Both girls were the same age as their Annie. She would not lack for companionship, as they worried.

Lee said after the Ukrainian government – finally – completed the paperwork, they returned to the United States, when the real challenges began.

“The unvarnished truth,” Lee told the Press, is that adopting the Russian-speaking special needs children “was really disruptive to our family. They came with so many issues that we had not anticipated.”

After teaching them sign language and appropriate behavior, they moved to Lino Lake, Minnesota and found a new support group in Eagle Brook Church. There they found personal assistance and spiritual solace.

Every year in the past seven years has been better and better, they say.

“I think my girls can do almost anything they want to do,” he said, “and that’s what I want to help them become.”

The family's devotion is fueled by their faith, and it informs the sense of humor Lee showed in a tweet during the 2014 midterm elections:

It takes a special person to believe in the potential of the “mentally retarded,” as they were once labeled. Today, 90 percent of all babies diagnosed with Down syndrome in the womb will be aborted. The percentage is higher in some countries. Some have even spoken of "a world without people with Down syndrome."

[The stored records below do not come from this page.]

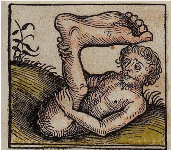
Abbildung 8: Schattenfüßler (Skiapoden) : Ohne Erläuterung bei Schedel. Die Skiapoden sind dafür bekannt, dass ihr Fuss so gross ist, dass er ihnen Schatten spendet.

Abbildung 7: Hermaphroditen : „Viele sind [in Libyen] beiderlei Geschlechts. Die rechte Brust ist männlich, die linke ist weiblich. Sie paaren sich miteinander und bringen Nachwuchs zur Welt.“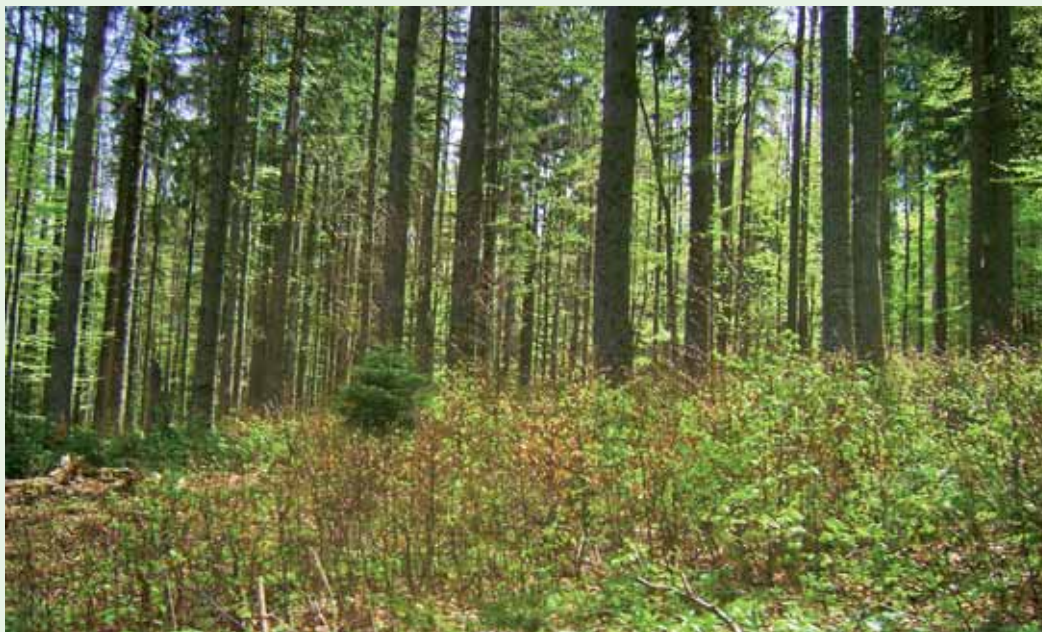
Porasty zaradené do projektu Pro Silva.

Výchova lásky k lesu musí existovať od malička. Deti a les patria k sebe. Najlepšie sa osvedčuje zážitkové učenie. Nielen že ich učím, ale s tými malými čistými deťmi si dobíjam energiu. Na kurze lesnej pedagogiky som sa naučil vnímať aj spätnú väzbu. Deti vám povedia všetko otvore-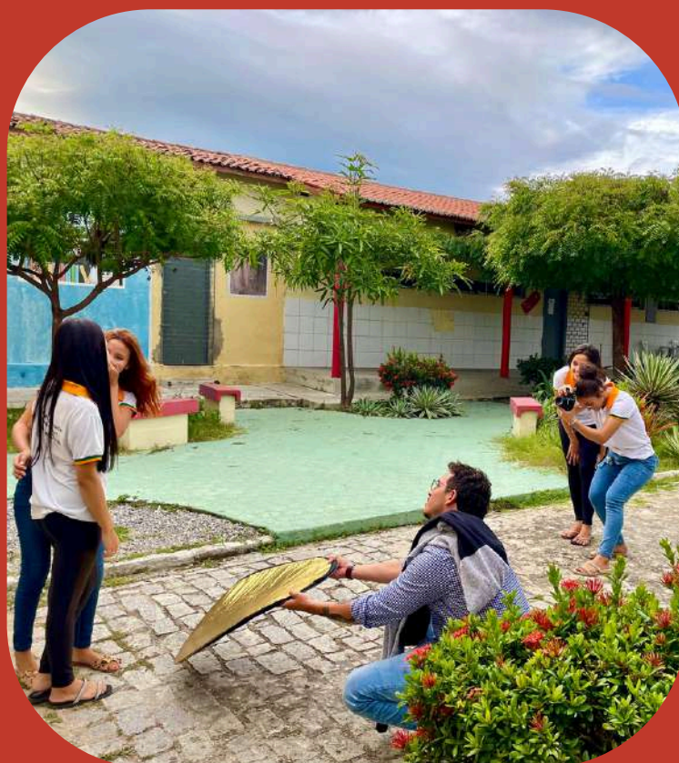
(Acervo pessoal: Artista, Presente! - 2023)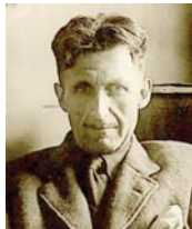
• جورج أرويل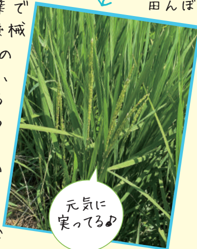
元気に実ってるよ

できると思います。当日、天気が良いことを祈りながら、後日の報告を楽しみにしててくださいね(^^)v♪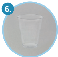
1 Uriini proovi tops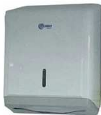
Porta papel toalha interfolha

Deverá ser instalado dispenser para papel toalha interfolha, em polipropileno, para papel toalha tanto de 2 como de 3 dobras, localizados acima dos lavatórios, nos sanitários da sala de terceirizados.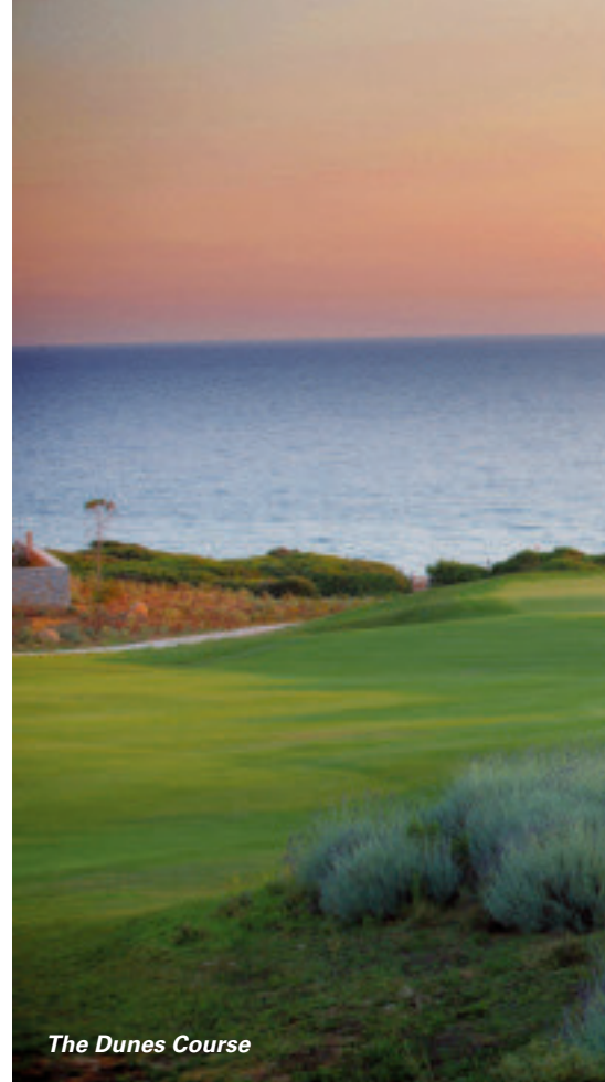
The Dunes Course

Mittelpunkt der Anlage ist das „Agora“, hier fühlt man sich wie in einem Dorfzentrum. Mit Spezialitätenrestaurants, einem griechischen Kaffeehaus, Boutiquen und einem Open-Air Kino. Kulinarische Genüsse bieten auch die eigenständigen Restaurants der Hotels mit internationaler oder griechischer Küche. Mehrere Swimmingpools, Pool- und Lounge-Bars, der tolle Strand mit dem Barbouni Restaurant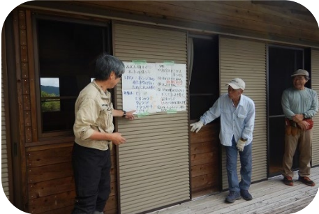
講師から、ネットの張り方指導がありました。最近ではモミジ類の被害もあるとのこと。

日垂ふるさと振興財団の助成を受けて、毎年行っている活動です。高丸山のブナ自然林で、シカによる足元植物や、樹皮を食べられる被害が起きています。それを防ぐために、今回は樹木ガードネットを木に巻きつけました。講師からより効果のあるネットの張り方の指導があり、それに倣って作業を行いました。1日で80メートルのネットを使用しました。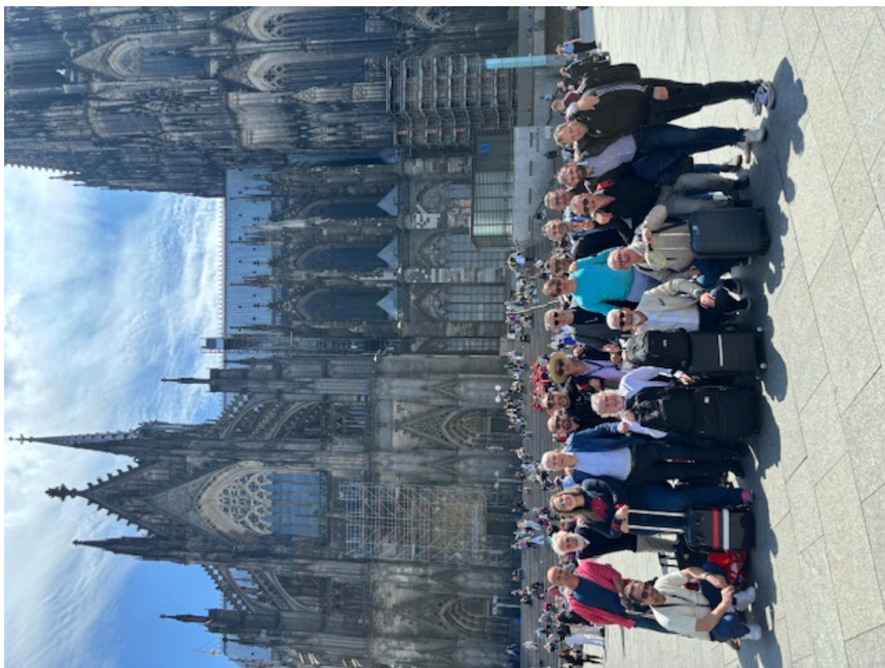
© riproduzione riservata pubblicato il 24 / 06 / 2024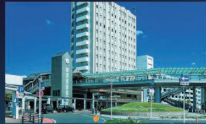
JR・名鉄刈谷駅(徒歩16～17分)

「刈谷」駅へは徒歩16分～17分。駅周辺の商業施設はもちろん、子どもが喜ぶ「交通児童遊園」や都心生活ならではの「刈谷市中央図書館」「刈谷市美術館」などの文化施設も楽しめます。通学区は「住吉小学校」です。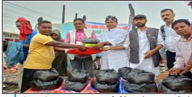
जलेश्वरटुडे समाचारवाता जनकपुरधाम, ४ जेष्ठ

धनुषाको कमला नगरपालिका-५ का अग्नी पीडितलाई सपोर्ट नेपालले राहत सामग्री वितरण गरेको छ। आइतबार विहान घटनास्थलमै पुगेका सपोर्ट नेपालका पदाधिकारी र कर्मचारीहरुको टोलीले अग्नी पीडितलाई राहत सामग्री वितरण गरेको हो।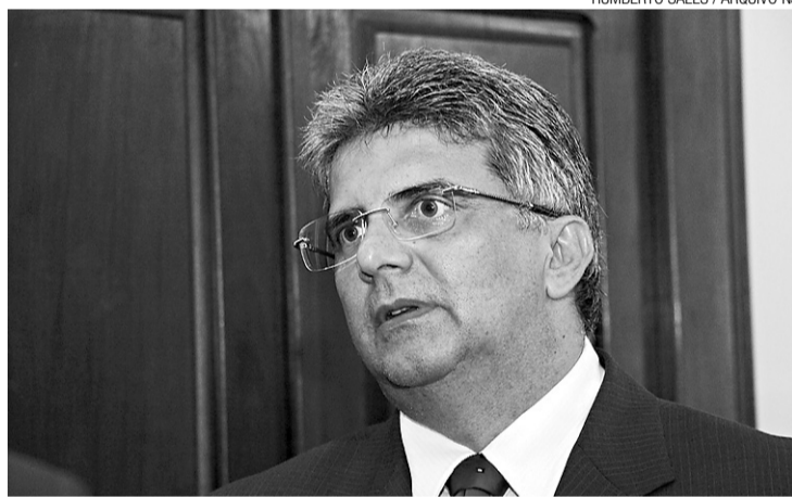
► Projeto deve voltar à votação na próxima semana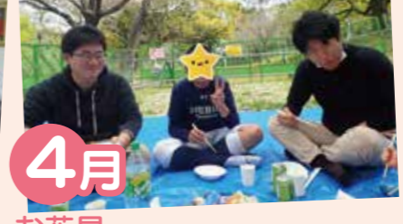
4月 お花見 新年度始まって最初の行事。みんな楽しく食事することができました。

Their God, and their experience, tell them that every child has infinite worth and potential, Lee told local media, and he would encourage anyone to follow his footsteps and adopt a Down syndrome child – or two.

“The message is that it really doesn’t matter where you started or where you came from,” Lee said. “There are endless opportunities for everyone, whether they have disabilities or not. They deserve a shot.”